AI generates a 10 images in 10 minutes. You pick one. A human would take hours to create one of them.

throwaway48540

4 days ago

Ah yeah, I have a friend who's working on an online grocery store. He generated all his images - instead of driving hundreds of kilometers for weeks to take all the pictures. Definitely a huge win for the environmentally friendly.

wiz21c

4 days ago

OK, I take it as a good counter example to what I have posted. Thanks for sharing.

htk

4 days ago

That's the mindset that created the problems highlighted by the report.

eastbound

4 days ago

Indeed.

While I’ve always counted water drop by drop, washed my hands with a tiny strip of water, I’m traveling through the Russian/Middle East and there is no such water shortage visible. Pipes leak everywhere on the street, and there is still tap water everywhere, unlike Europe where I lack pressure to wash in the mornings.

Petrol is 1.10€ a liter here, far from the 2.00€ in France. Going 500km is easy, in France it’s unaffordable for students.

I feel like I’ve been lied to. In fact, on every topic restraining growth, I’ve been lied to. The over sensitization that EU does for feel-good reasons, satisfying the soul of young adults, is leading us into a green soviet situation.

If it solved problems, I’d be all in. But it’s only reinforcing green sovietism, aka poverty for the glory of a green ideal that is never reached.

Sorry but the garbage patch in the Pacific is bigger than ever, and the rest of the world is still using air conditioning. It’s only the Europeans who are deprived.

tormeh

4 days ago

Pretty much. It's all feel-good stuff. We cannot stop global warming unless the entire globe plays along. Individual action is completely nonsensical. Even action on a national level (in, say, Germany) hardly moves the needle and is mostly feel-good. We should focus on adaption strategies and on making renewables more appealing for developing countries. Happily, solar has incredible momentum on the latter front.

actionfromafar

4 days ago

We could have growth without CO2. It's "just" a coordination problem.

martythemaniak

4 days ago

Canada also suffers from lack of competitiveness, productivity, etc and I always wonder if we actually have the political constituency for a pro-growth agenda. I don't think we do it seems the group that would vocally back this is likely <10% of the population and probably low-engagement/apolitical. Europeans seem to give off the same vibe, if not more so.

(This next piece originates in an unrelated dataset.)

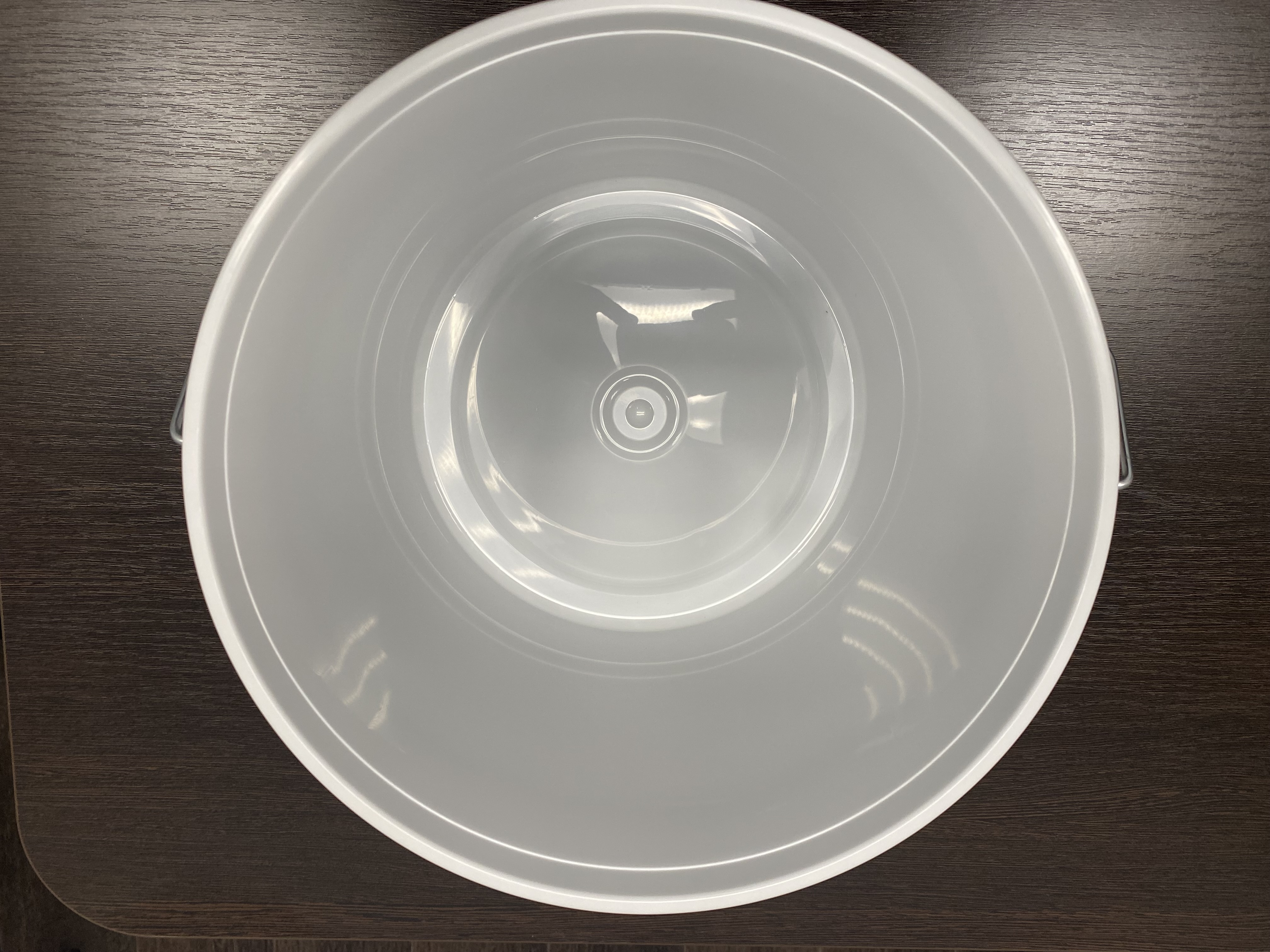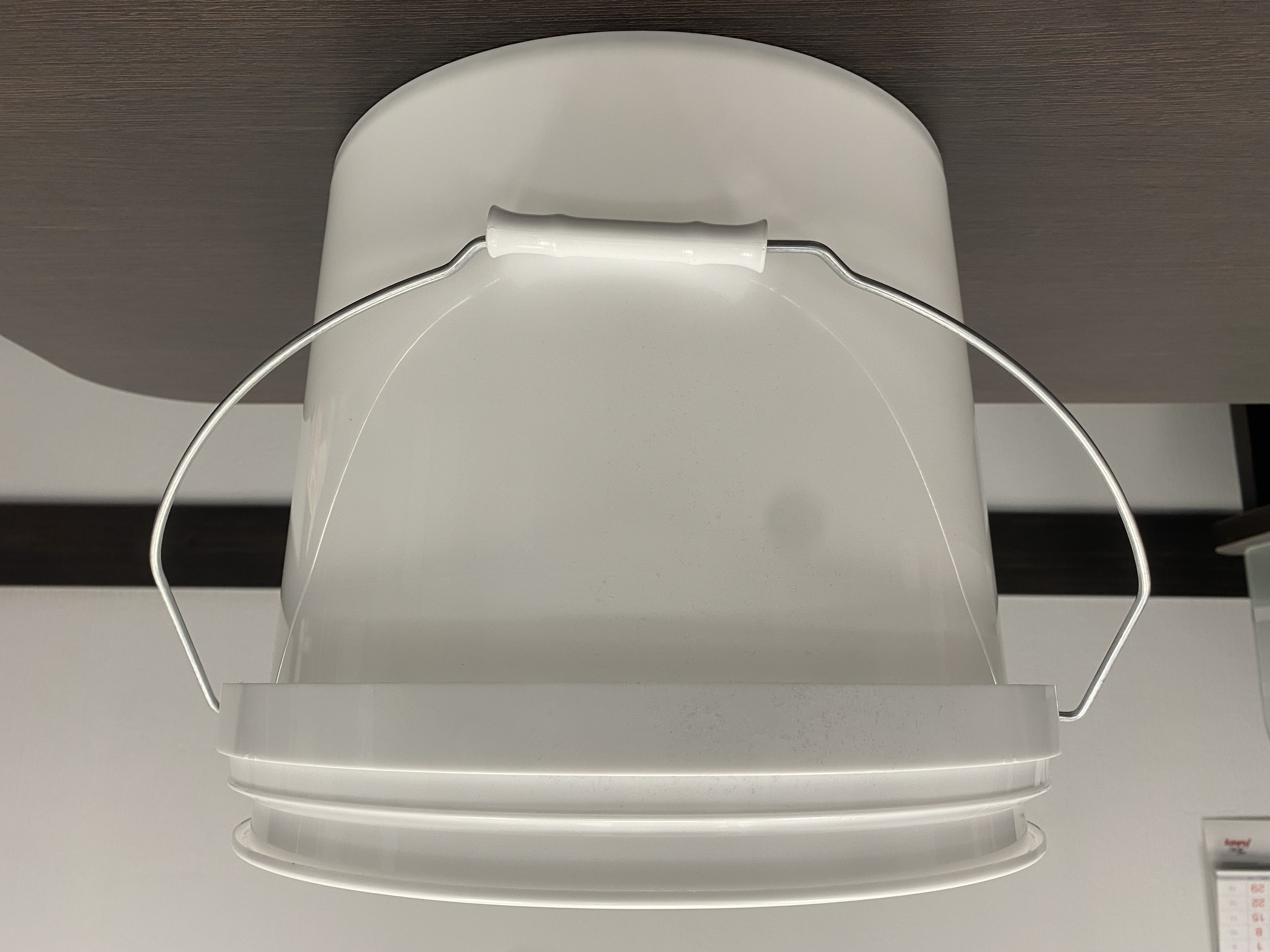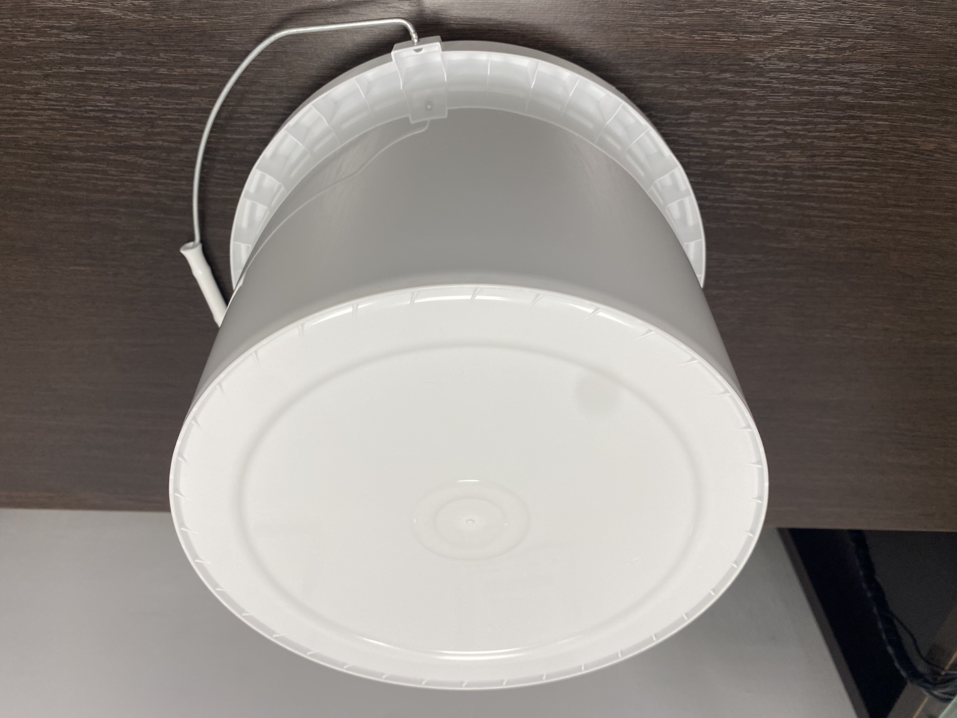 Пластиковое ведро JHPS 1350 белого цвета объемом 14,2 литра (или 3,5 галлона) с металлической ручкой (есть ролик) и пластмассовой крышкой LHPS 3100. Пластик - первичный, пищевой, без добавления материалов вторичной переработки.

For example the governing Liberals have been pretty bad on the economic file and will most certainly lose the election next year, but the alternatives are: 1) A Russian-propaganda fuelled Conservative party led by an obsessive culture warrior who's never known life outside politics (a 45 year old who has been an MP for 20 years) 2) a leftist party that thinks more regulation and taxes is what we need.

The "Abundance Agenda" types just don't fit in anywhere, except perhaps as a small faction of the Liberals.

eastbound

4 days ago

> A Russian-propaganda fuelled Conservative party

The “russian” accusation does not hold. It never has. It’s only a big mixup of ideas that can’t withstand being explained rationally. For example: CNN said about 5600 times in 2019 that they had “definitive proof” that Trump was a Russian asset. Still no such proof has been shown in public.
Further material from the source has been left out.